Problem -> What you write must match, character for character, the lines from the one with "1 Pistola de ar com bico curto" down to the one with "牛ももステーキ用…5㎜間隔ほどの隠し包丁を両面に入れる" in the listing below, minus its pictures.

== Source data ==

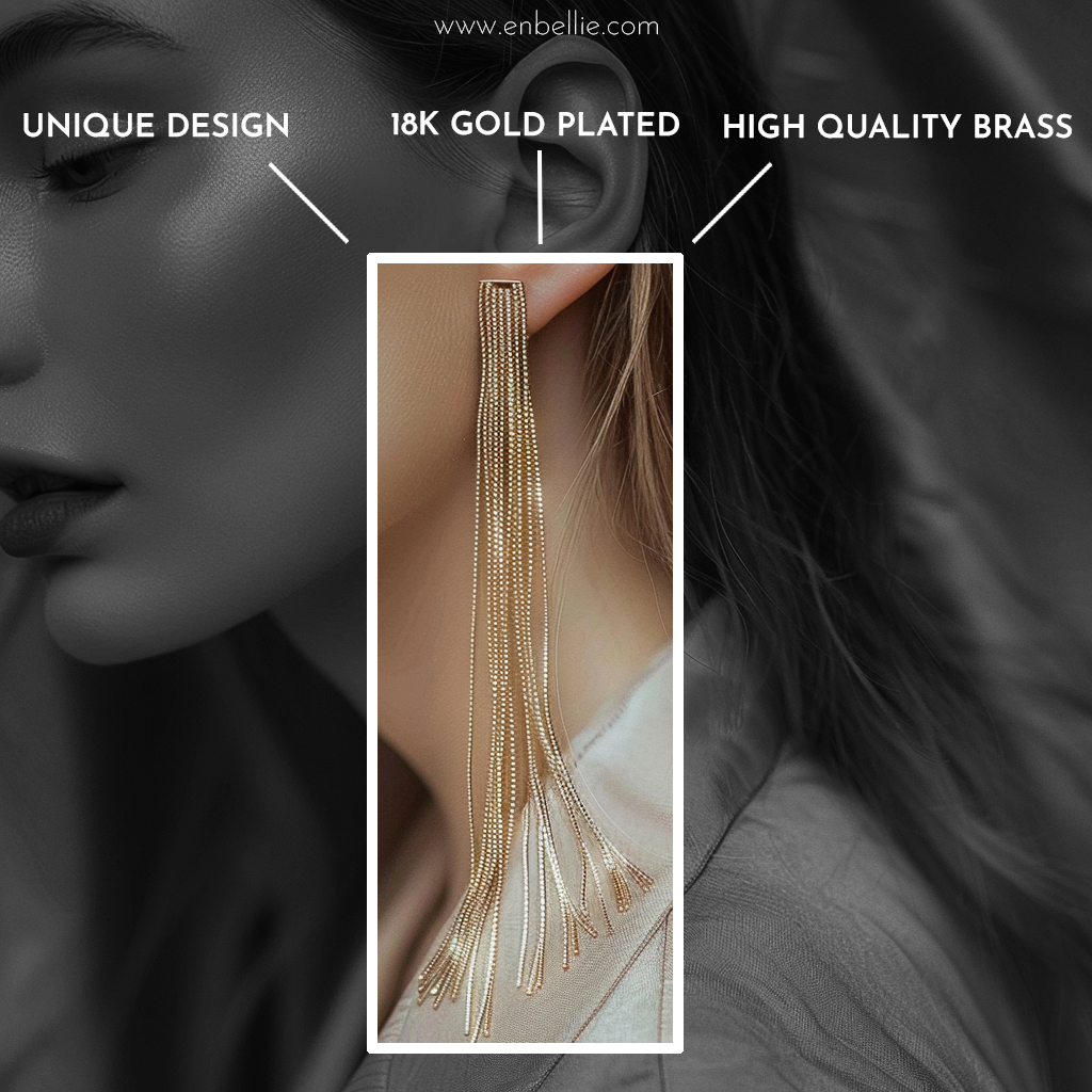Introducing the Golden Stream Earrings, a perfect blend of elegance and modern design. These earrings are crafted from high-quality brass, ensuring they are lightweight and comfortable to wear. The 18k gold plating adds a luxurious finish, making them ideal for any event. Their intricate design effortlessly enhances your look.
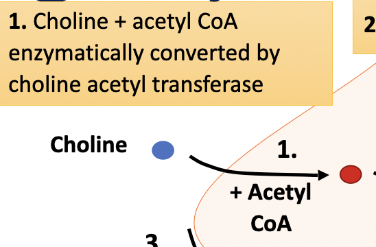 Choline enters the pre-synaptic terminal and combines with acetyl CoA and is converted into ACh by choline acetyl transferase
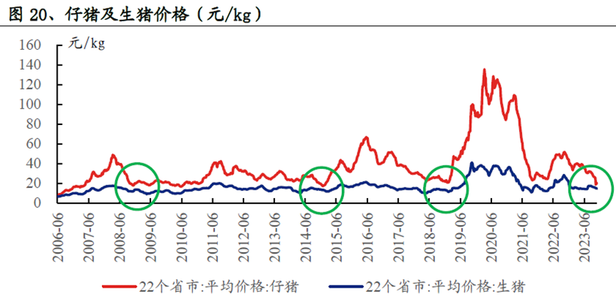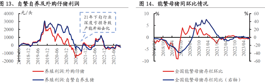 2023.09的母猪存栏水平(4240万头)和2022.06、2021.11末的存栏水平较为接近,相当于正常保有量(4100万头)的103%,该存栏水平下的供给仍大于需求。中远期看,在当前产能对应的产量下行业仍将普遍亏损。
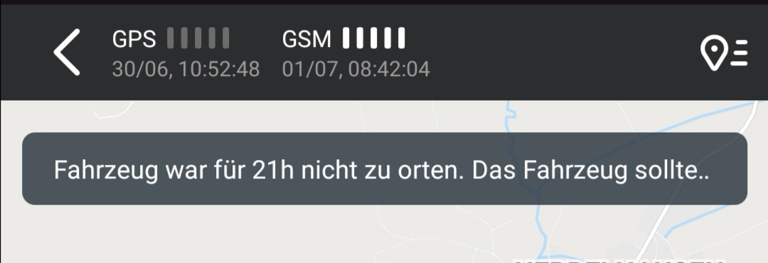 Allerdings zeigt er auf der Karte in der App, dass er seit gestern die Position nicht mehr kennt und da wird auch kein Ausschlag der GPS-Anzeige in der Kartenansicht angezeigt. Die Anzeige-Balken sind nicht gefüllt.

===
== Source data ==

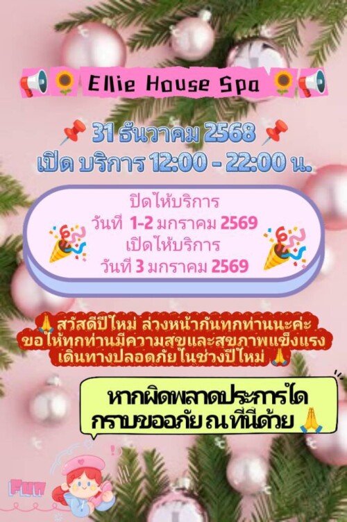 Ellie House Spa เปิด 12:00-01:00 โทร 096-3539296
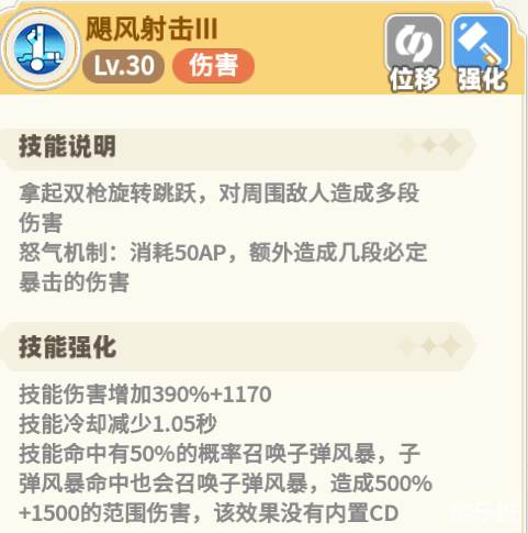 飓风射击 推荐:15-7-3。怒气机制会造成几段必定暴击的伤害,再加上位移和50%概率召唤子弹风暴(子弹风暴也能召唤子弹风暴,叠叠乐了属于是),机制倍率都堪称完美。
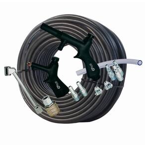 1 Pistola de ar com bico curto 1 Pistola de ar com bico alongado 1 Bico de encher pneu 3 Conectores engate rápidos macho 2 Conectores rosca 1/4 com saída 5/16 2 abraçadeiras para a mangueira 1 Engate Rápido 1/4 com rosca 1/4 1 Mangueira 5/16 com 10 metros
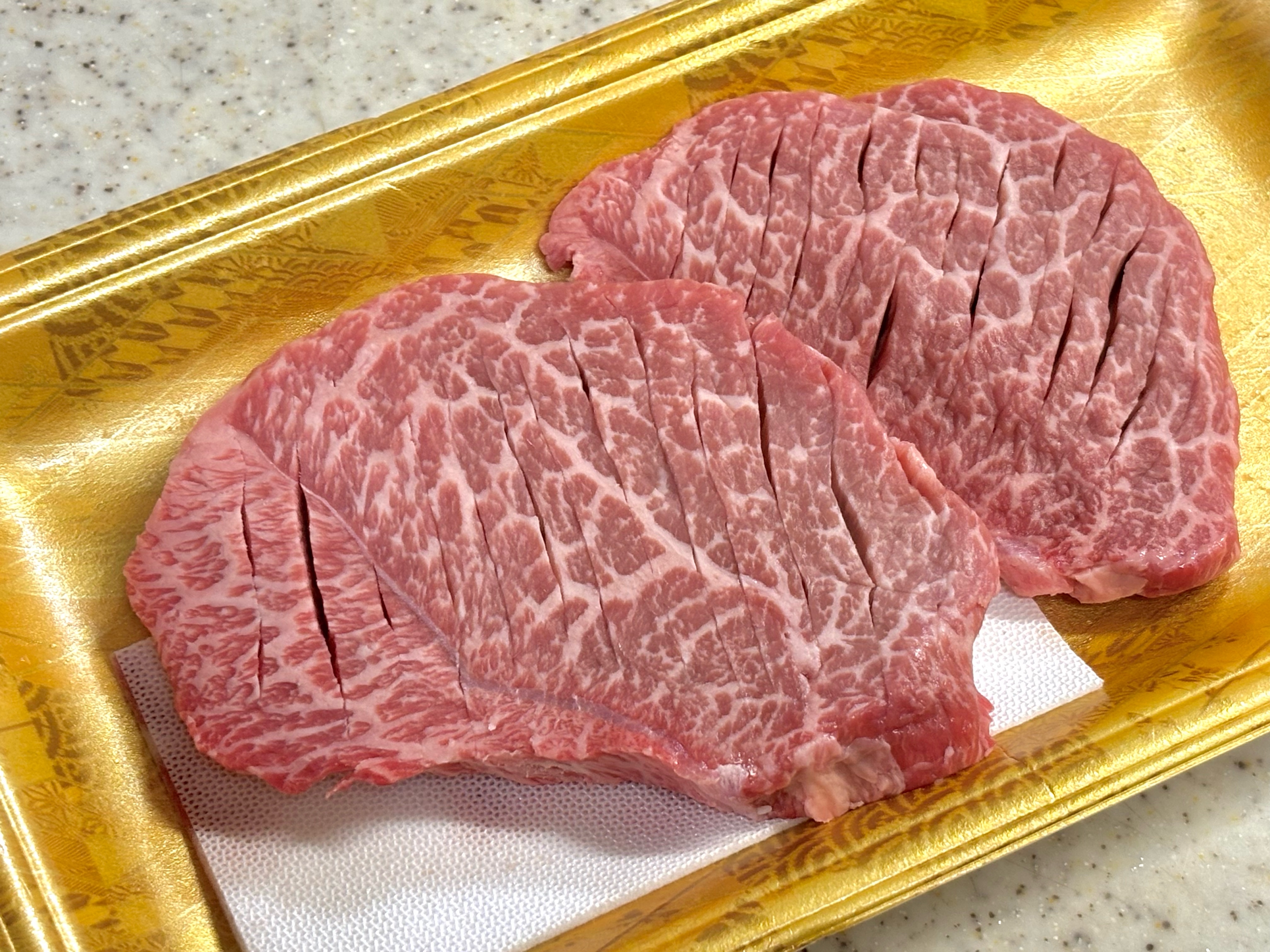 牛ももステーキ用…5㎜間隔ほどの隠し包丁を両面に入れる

===

Solution ->
 1 Pistola de ar com bico curto 1 Pistola de ar com bico alongado 1 Bico de encher pneu 3 Conectores engate rápidos macho 2 Conectores rosca 1/4 com saída 5/16 2 abraçadeiras para a mangueira 1 Engate Rápido 1/4 com rosca 1/4 1 Mangueira 5/16 com 10 metros
 牛ももステーキ用…5㎜間隔ほどの隠し包丁を両面に入れる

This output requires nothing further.